CS46B Lab 13 - Trees

Copyright © Cay S. Horstmann 2012
This work is licensed under a Creative Commons Attribution-Noncommercial-Share Alike 3.0 United States License.

A. Binary Trees

Write down (using ASCII art) all possible binary tree shapes of trees with 1 node, 2 nodes, and 3 nodes. (There are 1, 2, and 5 shapes respectively).
Now consider a binary tree with n nodes. The root has children t1 and t2. Suppose t1 has k nodes. How many nodes does t2 have?
Now we want to write a recursive formula for the number S(n) of tree shapes with n nodes. For each k = 0 ... n - 1, there are S(k) x S(?) possibilities, since you can indepently choose the shape of the left and right subtree. So, S(n) = S(0) x S(?) + S(1) x S(?) + ... + S(?) x S(?). Fill in the ?.
You also need base cases for S(0) and S(1). What are they?
Using this formula, compute S(2) and S(3). What values does the formula give? Are they the same that you got in part 1?
Complete this program and have it compute S(10) and S(20). What do you get? (Run it from the command line as java Trees1 10 and java Trees1 20.)
Why does the computation of S(20) take so long?
What one-line bash command can give you all results S(1), (2), ..., S(20)? (Hint: seq—see Lab 9.)

B. Random Trees

Now we want to make a random tree with n nodes. That's simpler than you might think. Randomly pick a k < n for the number of nodes of the left subtree. Generate random trees of size k and n - 1 - k. Combine them to a complete tree.
Complete this program. (You need the BinaryTree class from Chapter 17 Section 2.)

What is the code of your randomTree method?
Now run the program. What happens? Why?
Yes, we could write a toString method, and we will do that presently. But first, let's look at the tree in the debugger. Set a breakpoint at the last line of main and run the program. Get out a sheet of paper. Inspect t. Keep expanding the left and right nodes. From the display, sketch the tree, like you did in Lab 7.
Hand the sketch to the lab instructor.
Is that tree a binary search tree? Why or why not?
Now let's write a toString method. Ideally, we might like something like
```
           6
         /   \
        3     2
       / \     \
      1   1     1
```
but that's pretty hard to do in general. Instead, let's have a one-dimensional representation, something of the form
```
left subtree data right subtree
```
Let's do that. Add a method
```
public String toString()
```
to the BinaryTree class. It must call a recursive method on the root node. Let's call it toString as well:
```
public static String toString(Node n)
```
That's where the actual work gets done. (Look at height as another example of how this is done.)

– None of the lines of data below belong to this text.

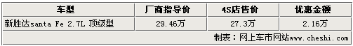 据4S店销售人员介绍:目前店内有新胜达的现车销售,但是车体颜色主要以黑色和银色为主。而到店购买这款车的消费者不仅可享受到相应的价格优惠,而其还能得到商家随车赠送的部分车内装饰。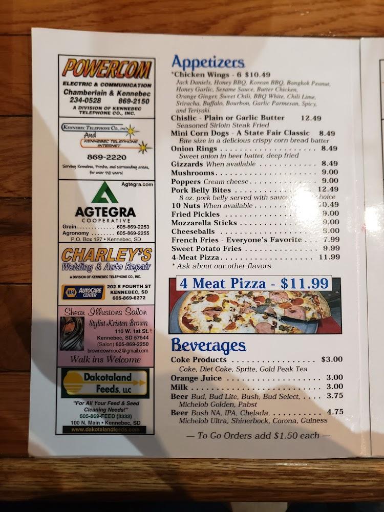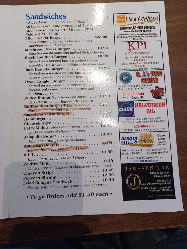 Welcome to The 605 Restaurant & Bar at Outlaw RV Park, where great food meets good times! Nestled in Kennebec, SD, our establishment offers a delightful menu featuring local specialties and a wide selection of cocktails and beers. Enjoy meals at our cozy dining area or opt for takeout. We strive to provide quick service, making every visit enjoyable, whether it's breakfast, lunch, or dinner. Please note that our kitchen typically closes at 9 PM, so call ahead to confirm hours. With wheelchair-accessible amenities and a friendly atmosphere, we look forward to serving you soon!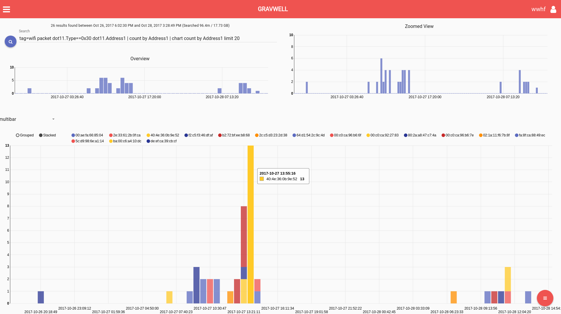 Using Gravwell, we can go back in time and always have access to the underlying data. During the event we had a dashboard actively running showing us what was going on. Here’s a screenshot of the FDG zoomed in on a smaller period of time. You can see the MAC address in the middle belonging to the winner of the contest. The lines demonstrate his progress as he spent time on each WWHF-LAB access point to finish the challenges.
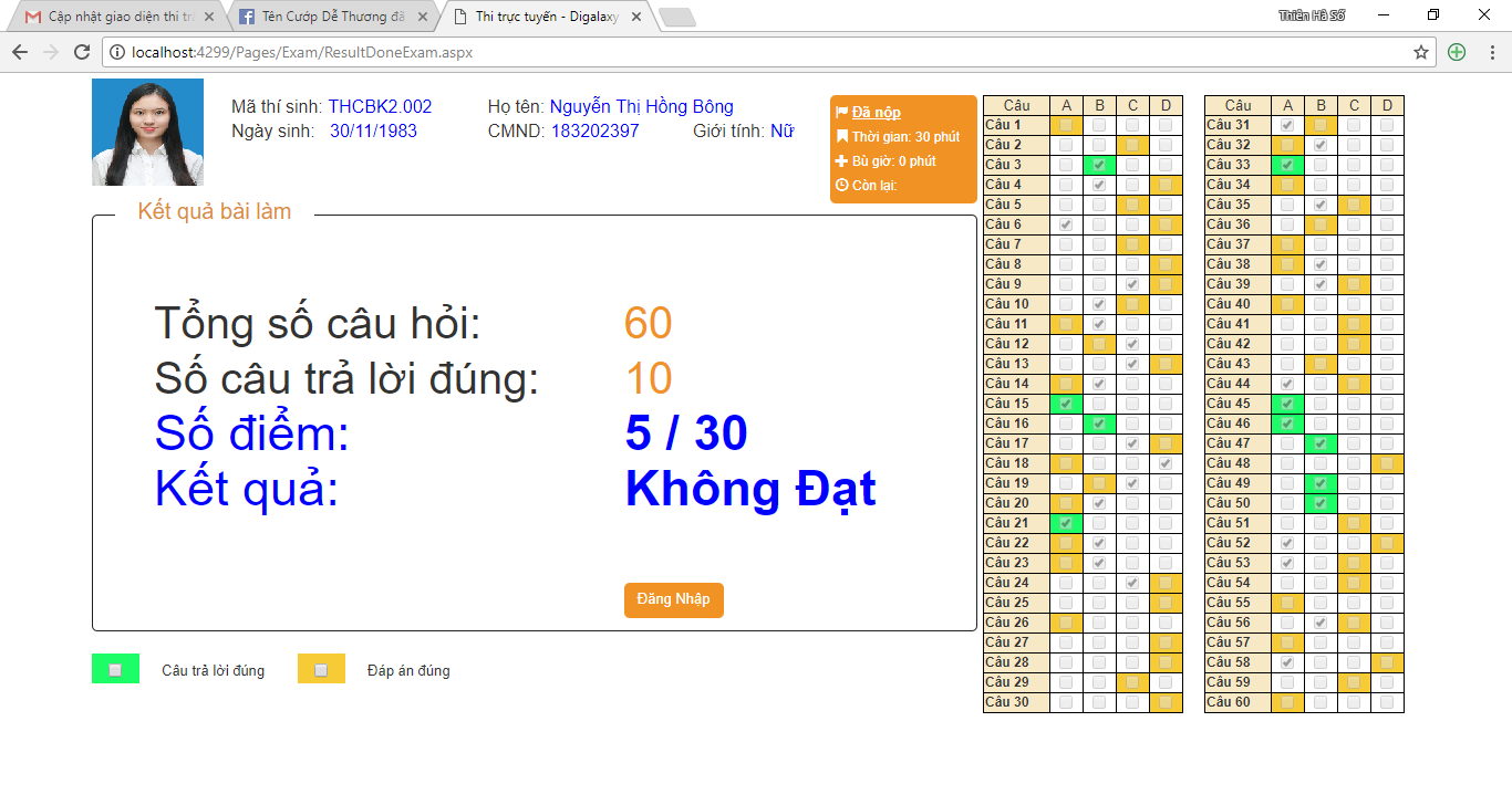 Sau khi làm bài xong, thí sinh có thể tự kiểm tra lại kết quả bài làm của mình, với phần đáp án được tô màu cam, phần trả lời đúng với đáp án được tô màu xanh lá. Chức năng này cũng có thể giúp cho giám thị chấm bài kiểm tra dễ dàng hơn.
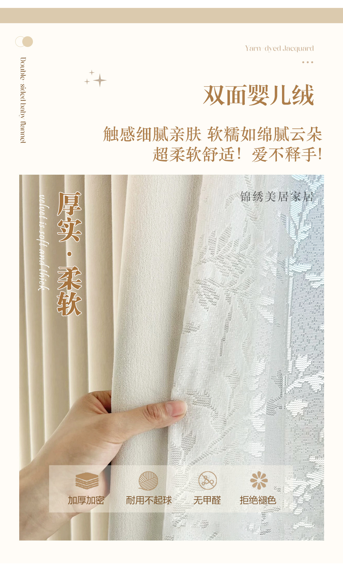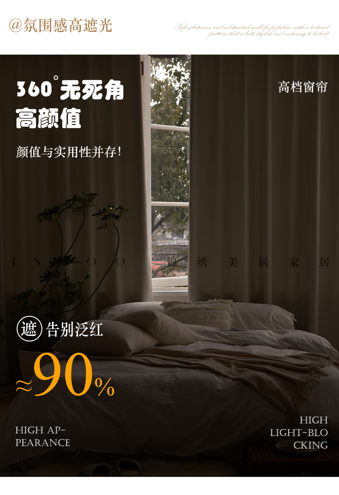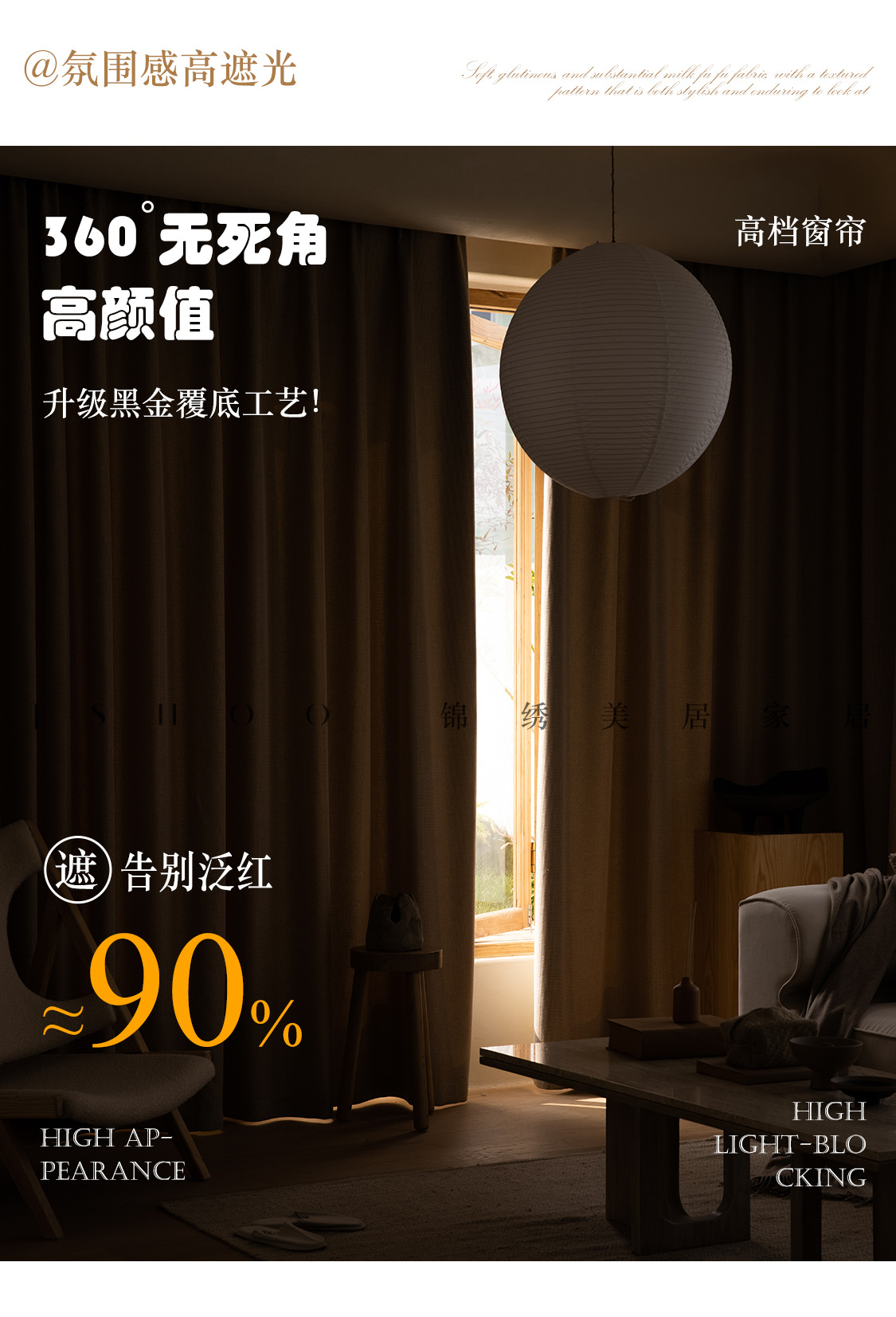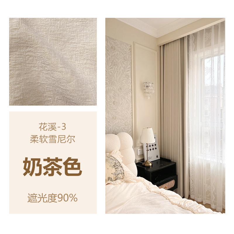 Huaxi/양면 베이비 벨벳 현대적인 단순하고 우아한 단색 질감 어두운 패턴 셔닐 두꺼운 빛 차단 커튼스토어 가기

In the Node.toString method, return a string as described above, with the left, data, and right separated by spaces. If the node is null, return ".".

What is your code?
Now run the program again. What output do you get?
That's still disappointing. We see the data in the tree, but we don't see the shape. An easy fix is to put a pair of parentheses around the tree.
```
(left subtree data right subtree)
```
Do this. What is your output now?
Suppose your output had been
```
((. 2 (. 1 .)) 6 ((. 1 .) 3 (. 1 .)))
```
Draw the correspnding tree.
What would be the string representation of the tree in step 5?

C. All Trees

For debugging a tree algorithm, we want to run it on all possible tree shapes. It's easy enough to generate a list of all trees of size n. For each k, generate all trees of size k and of size n - 1 - k in lists l1 and l2. Then, for each tree t1 in l1 and for each tree t2 in l2, make a tree with children t1 and t2,
```
for (BinaryTree t1 : l1)
{
   for (BinaryTree t2 : l2)
   {
       BinaryTree t = new BinaryTree(n, t1, t2);
      ...
   }
}
```
Put each tree in a list l and return it.

Complete the allTrees method in this class. What is your code?
Print all trees of size 6. What is your output?
Modify your program to print only those of height 6. Which ones are they?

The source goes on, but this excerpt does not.